Ketika cemuhan publik melukai hatinya, Gita selalu pulang memeluk neneknya. Di rumah bersahaja itu, sang nenek membisikkan penawar luka yang selalu jadi pegangan hidupnya.
"Yang penting halal. Enggak nyuri," kata dia saat ditemui di lokasi kerjanya.
Berharap pada Pintu Pabrik yang Tak Kunjung Terbuka
Sore nanti, saat matahari tenggelam di ufuk barat Jombang, Puja dan Gita akan kembali membedaki wajahnya, merapikan bajunya, dan melangkah menembus dinginnya malam.
Puja sebetulnya pernah bekerja menjaga stan minuman dengan gaji Rp750 ribu per bulan. Ia juga tak lelah memasukkan surat lamaran pekerjaan ke berbagai pabrik di Jombang. Namun hingga detik ini, belum ada satu pun panggilan datang memanggil nama Puja.
"Kalau ada kerja yang lebih baik ya mau.
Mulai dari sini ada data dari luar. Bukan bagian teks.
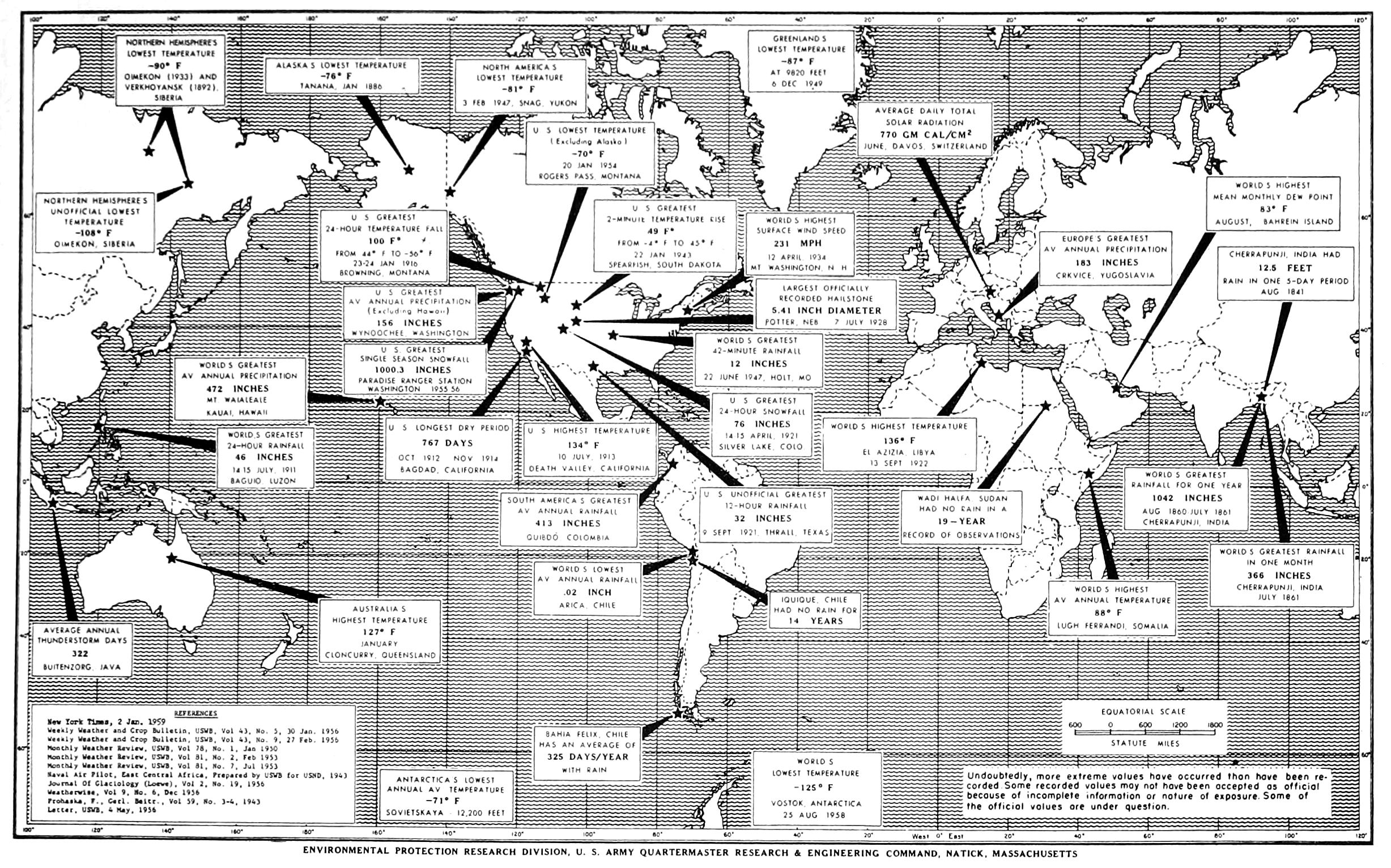 Weather extremes around the world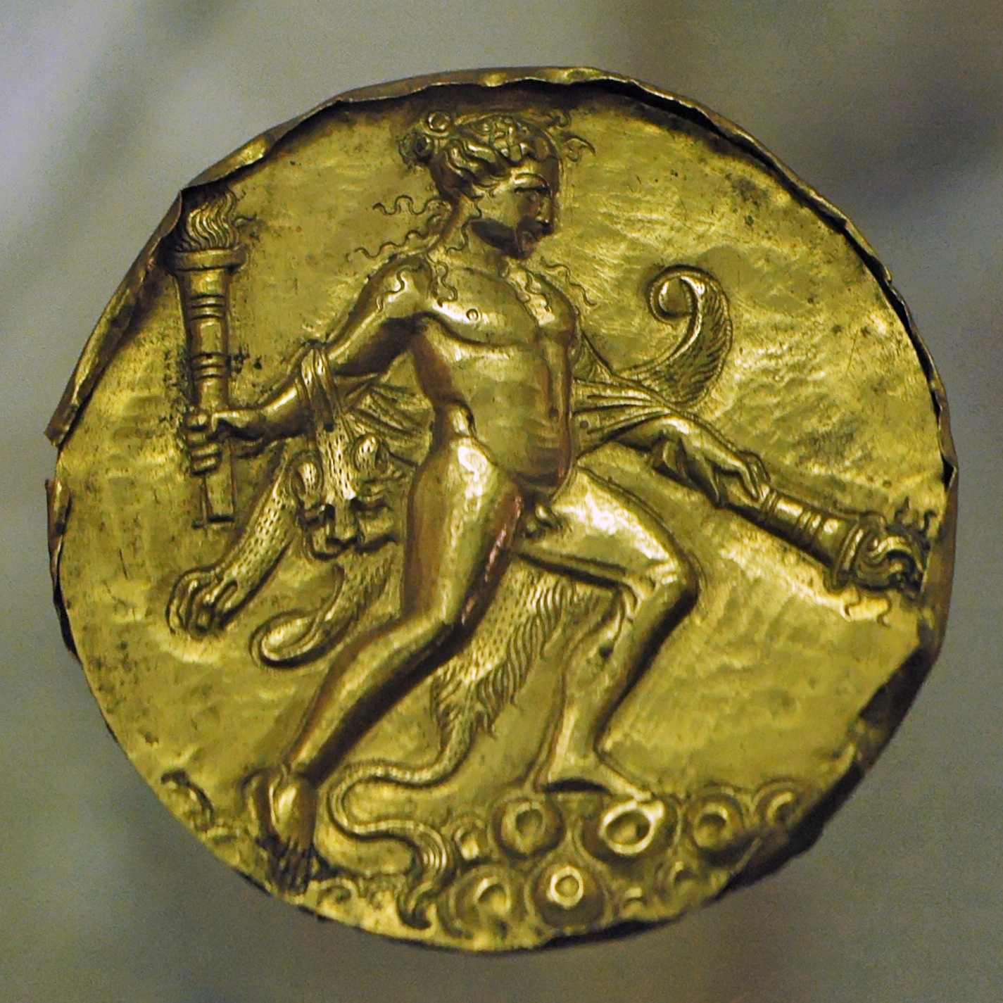 Gold phaler (ornament worn by horses), one of a pair, representing Dionysos. Syria, 3rd century BC.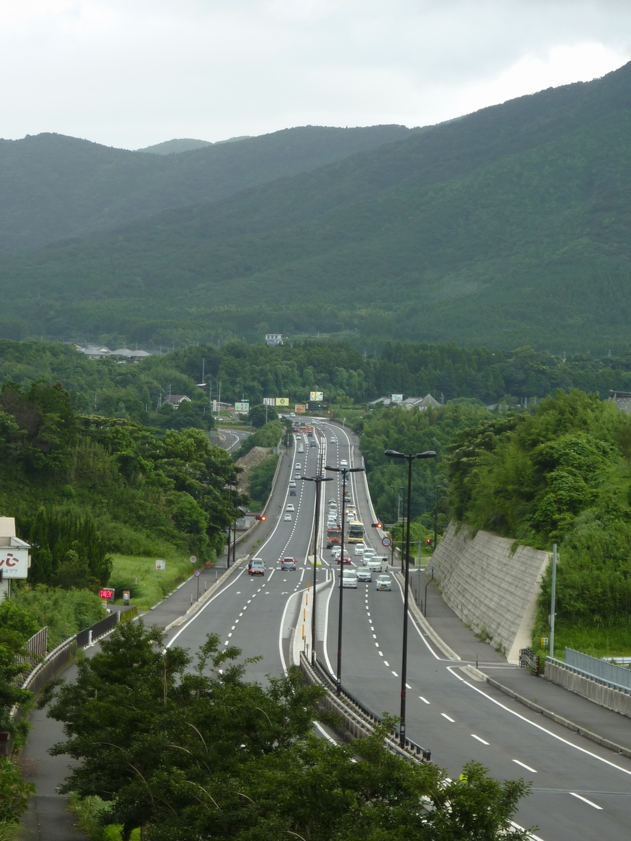 National Route 220 Kanoya Bypass - Kanoya Ohashi Bridge (Kanoya City, Kagoshima, Japan)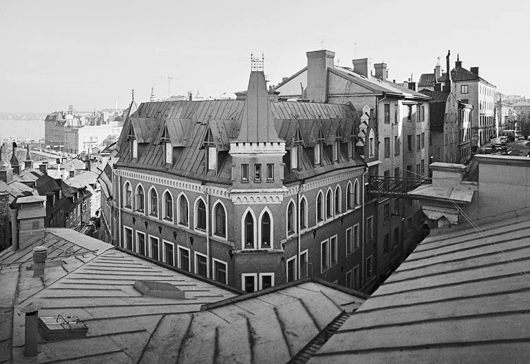 Bellmansgatan 2, vy från taket mot kv. Tofflan. 1971-1971FOTOGRAF: Fredriksson, Göran H.BILDNUMMER: F 96093Stadsmuseet i Stockholm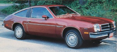 1978 Chevrolet Monza Coupe

Tapi sudah ngelamar ke pabrik-pabrik, belum pernah dipanggil," ujar Puja.
Namun Puja menolak untuk menyerah pada takdir. Selama napas masih berhembus, selama jemarinya masih bisa memegang gayung dan mendorong gerobak, ia akan terus melangkah.
"Ya jalanin saja dulu yang ada, yang penting saya bisa kerja," tuturnya.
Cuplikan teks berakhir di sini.